Vintage Jewelry, bags, clothes, furniture, rings … this expression has become very popular and commonly used. We long for unknown relatives, bygone days, family estates, and family ties, which have been weakened. Vintage, is the style, which was in fashion from the 1920s to the 1980s. The style prior to vintage is “antique”. My creations are actually “retro” style. I design new engagement rings in the style of bygone days. My engagement ring isn’t a piece of vintage jewelry, but a new ring made in vintage style and therefore it is in actual fact a retro piece of jewelry. To be precise, my style is more antique, it is Victorian, Rococo or from the beginning of the 1920s, like the Art Nouveau and Art Deco.
Some of the engagement rings which I design look like family heirlooms from an inheritance or which were bought in the markets of England, France or Russia. I personally very much like antiques and I often attend auctions. I can tell you about myself that one of the reasons why I chose to become a jeweler was my desire to reconstruct pieces of jewelry which I remember seeing as a child, worn by ladies and aunts whose relationship to me, I couldn’t always recall. They would speak German and smelled of perfume and tobacco … something about them never failed to inspire my imagination. They wore rings set with “brilliants” (diamonds cut in the most popular style aimed at maximizing the reflection from the stone) in the style of “Diana”, emeralds and rubies, not mentioning the tweed suits and the handbags. They pinched my cheek but at least offered me chocolates.

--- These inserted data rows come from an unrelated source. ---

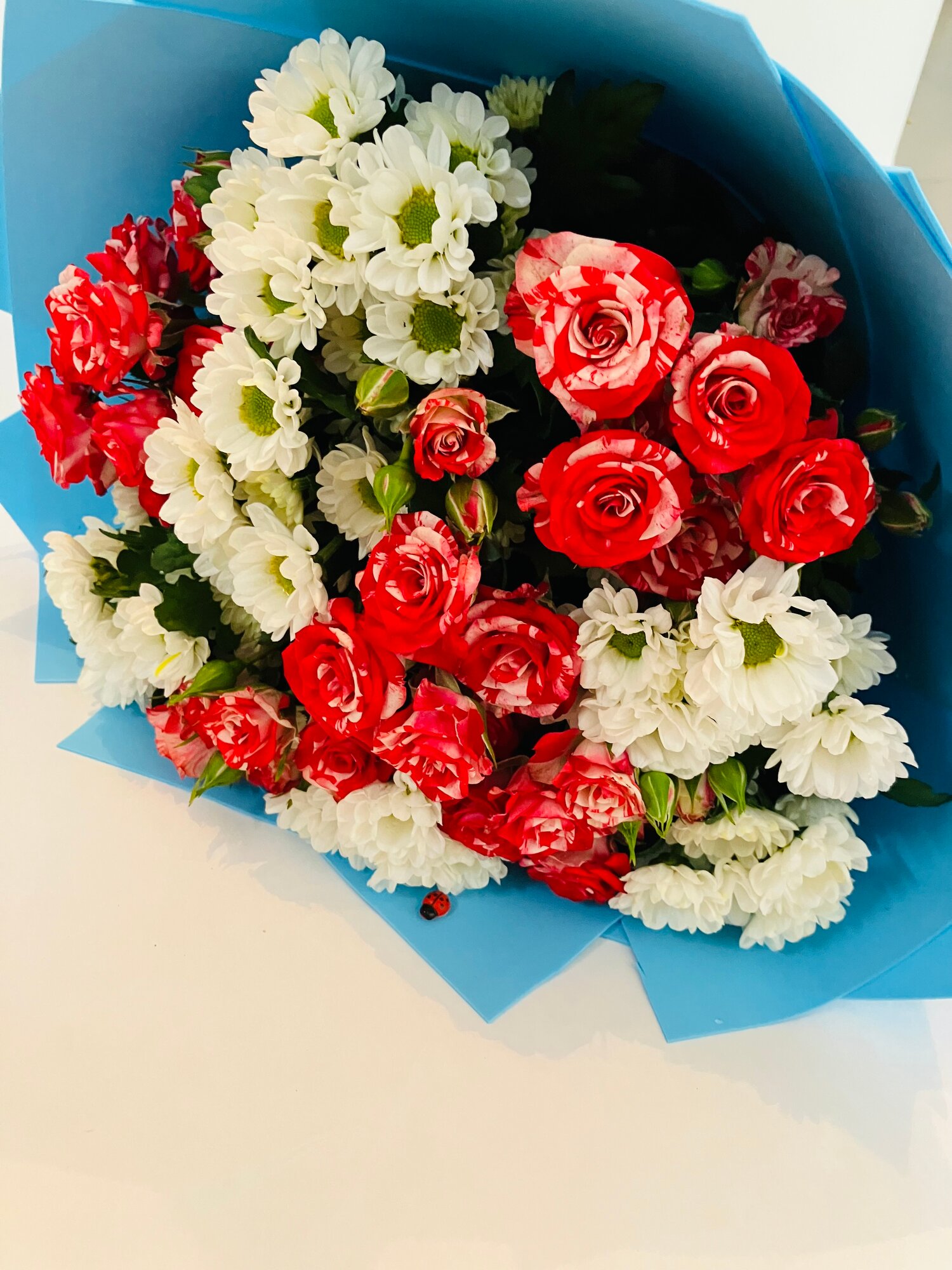 Купить Букет из кустовой розы Фейерверк и белой хризантемы сантини, в голубой, дизайнерской упаковке, атласный бант.
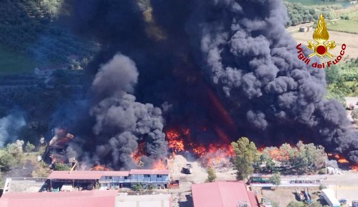 Dopo il terribile incendio sviluppatesi ieri nello stoccaggio di rifiuti dell’ex “RaDi” ed oggi Poly2Oil”, permangono ancora delle criticità e soprattutto la grande difficoltà di domarlo, anche se i materiali plastici dello stoccaggio di rifiuti sono lenti a spegnersi, facendo così aumentare lo sforzo già immane che stanno facendo i Vigili del fuoco supportati dai volontari della Protezione Civile che si stanno sacrificando per cercare di domare un terribile incendio, un disastro ambientale di proporzioni enormi e dopo che sarà finito tutto, ci sarà da quantificare i danni sia in termini di distruzione che in quello sanitario, vista l’enorme nube di fumo che sta invadendo la Piana di Gioia Tauro, in merito alla diossina sprigionata.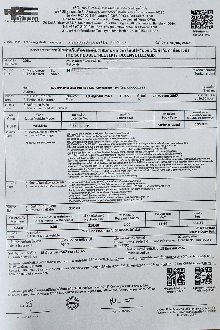 - 만약 세금과 보험을 납부하라고 하면 1층 우측편에 세금과 보험판매하는곳이 있으니 바로 이곳에 가서 세금을 내고 보험을 구매하면 됩니다. 세금은 1년에 약 200바트 전후, 보험비용은 약 750바트 정도 합니다. 보험서류는 2장을 출력해서 주는데 1장은 본인 소유 다른 한장은 등록시 제출용 입니다.
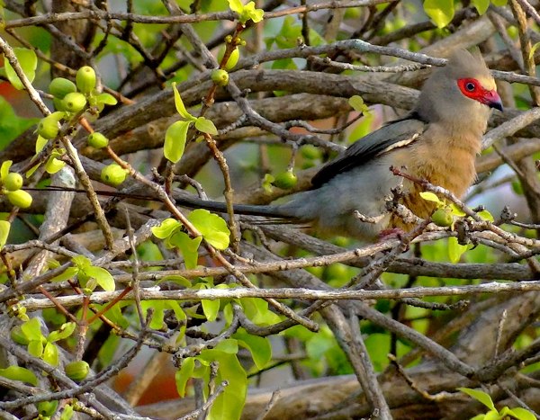 The red-faced mousebird is found in southern Tanzania. It is similar to the blue-naped mousebird except it has a light brown forehead and lacks the blue nape. The upper birds were photographed in Kasanga, courtesy of Silas Olofson. The middle photos were taken on Ibo Island (Mozambique), courtesy of Valéry Schollaert. The botom photo was taken at Mtwara, courtesy of Kileo Kipanga. |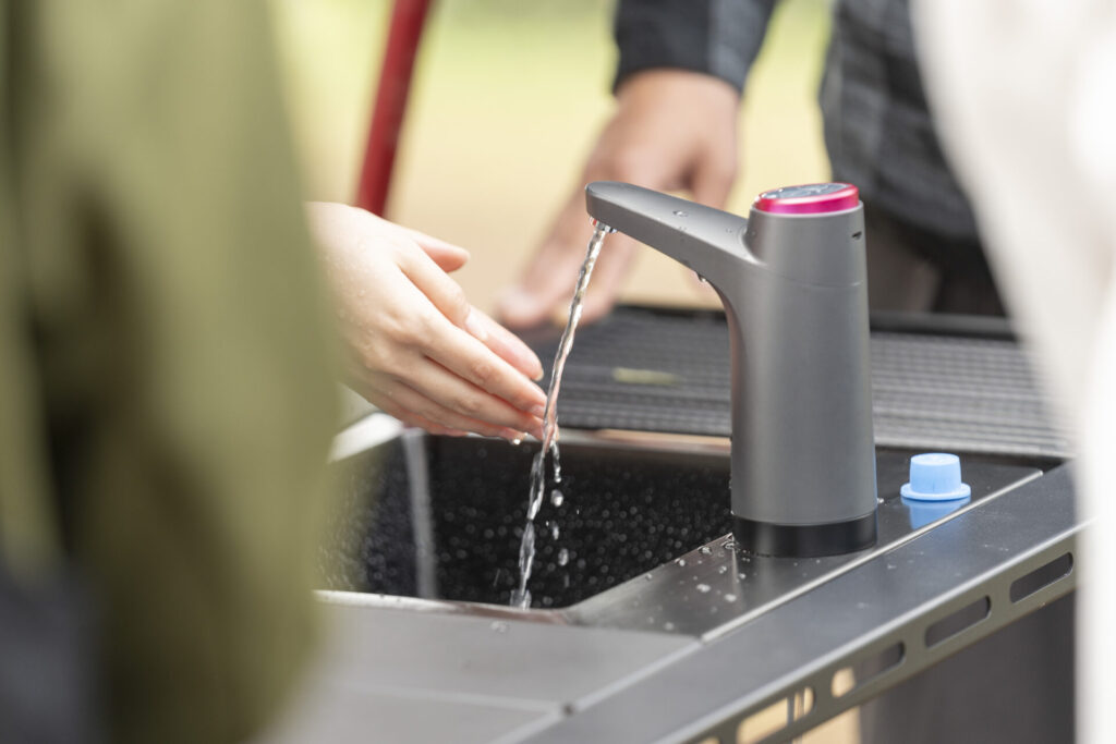 ポンプはUSB充電の電動でボタンひとつで水が流れます。キャンプのキッチンにとことんこだわりたい方にはぜひチャレンジしてみてほしいアイテムです。

What gives an engagement ring the vintage look?
A diamond cut in the old-fashioned style, red gold, unusual size, design full of details, white gold in its natural color without rhodium, unusual colorfulness, a pearl as the central stone, engravings with elements from nature (flowers, leaves, and the like). I would say a twist. Human warmth. The golden touch of a skilled jeweler. One of the things I particularly like in my work is encountering the treasure troves of families, and to see jewelry boxes with family heirlooms from the past handed down as an inheritance. One of my specializations as a jeweler, is repairing and restoring old jewelry and antiques; and when I start to repair an old ring I’m filled with awe, especially when I encounter a piece of jewelry with inspiring craftsmanship.
What I in actual fact am trying to do, is to take these traditions of the age-old craftsmanship, let myself be inspired by them and to become a connecting channel on the timeline and across the different periods of time. I fail to find a better way of describing my work. If I were to become a jeweler in one of these “Ateliers”, then nobody would be happier than me. Naturally, I would first need to be a male. I doubt that women would be employed in those periods, however during the vintage 1920s era there were already many women designers in all areas. In my opinion, this can be recognized in the designs. One sees more freedom, more humor, the use of different materials, softness, innovation, a new angle of a softer hand. I am thankful that I live in the modern world, which allows me to identify myself both with the men of the 17th century as well as with the pioneering women of the 1920s.